Muhammad Rasheed

Personal information
- Date of birth: 20 March 1956 (age 70)
- Place of birth: Pakistan
- Position: Right winger

Senior career*
- Years: Team / Apps / (Gls)
- Pakistan Railways

International career
- 1981–??: Pakistan

Managerial career
- 2007: Pakistan U23
- 2008–2018: Pakistan Railways
- 2018: Pakistan women U17
- 2018–: Muslim Hands

= Muhammad Rasheed =

Pakistani former footballer and manager

Muhammad Rasheed, alternatively spelled Muhammad Rashid, is a Pakistani former footballer who played as a right winger, and manager. A regular starter during his playing days, Rasheed is among the major players of the Pakistan national football team in the 1980s.

== Club career ==
Rasheed represented departmental side Pakistan Railways at the National Football Championship. He won the 1984 edition with the side, scoring the lone goal for Railways in the final against WAPDA.

== International career ==
Rasheed served as a regular starter at the Pakistan national football team during the 1980s, making his debut at the 1981 King's Cup in Thailand.

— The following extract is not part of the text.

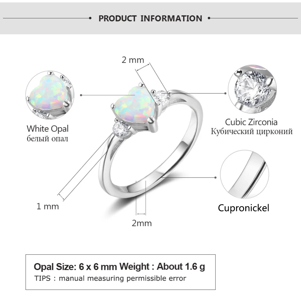 Серебряный Цвет кольца в форме сердец, голубой опал кольца для помовки CZ палец кольцо с кубическим цирконием, помолвки, свадьбы, подарок, модное ювелирное изделие для женщин

The next year he played at the 1982 Quaid-e-Azam International Tournament. He also played at the 1984 AFC Asian Cup qualification.

== Coaching career ==
In 2005, Rasheed served as member of the supervision staff for the Pakistan national team.

In 2007, he served as head coach of the Pakistan under-23 team for the 2008 Summer Olympics Asian qualifiers, previously serving as assistant coach under Salman Sharida.

Following the relegation of Pakistan Railways at the top-tier 2007–08 Pakistan Premier League under head coach Chaudhry Muhammad Asghar, Rasheed was appointed as the successor for the post. He retired from the Pakistan Railways department in 2018. The same year he served as head coach of the Pakistan women's national under-17 football team.

He later started coaching the Muslim Hands Street Children Football Team, the football section of Nottingham-based Non-governmental organization Muslim Hands. He also coached the side at the 2023–24 PFF National Challenge Cup.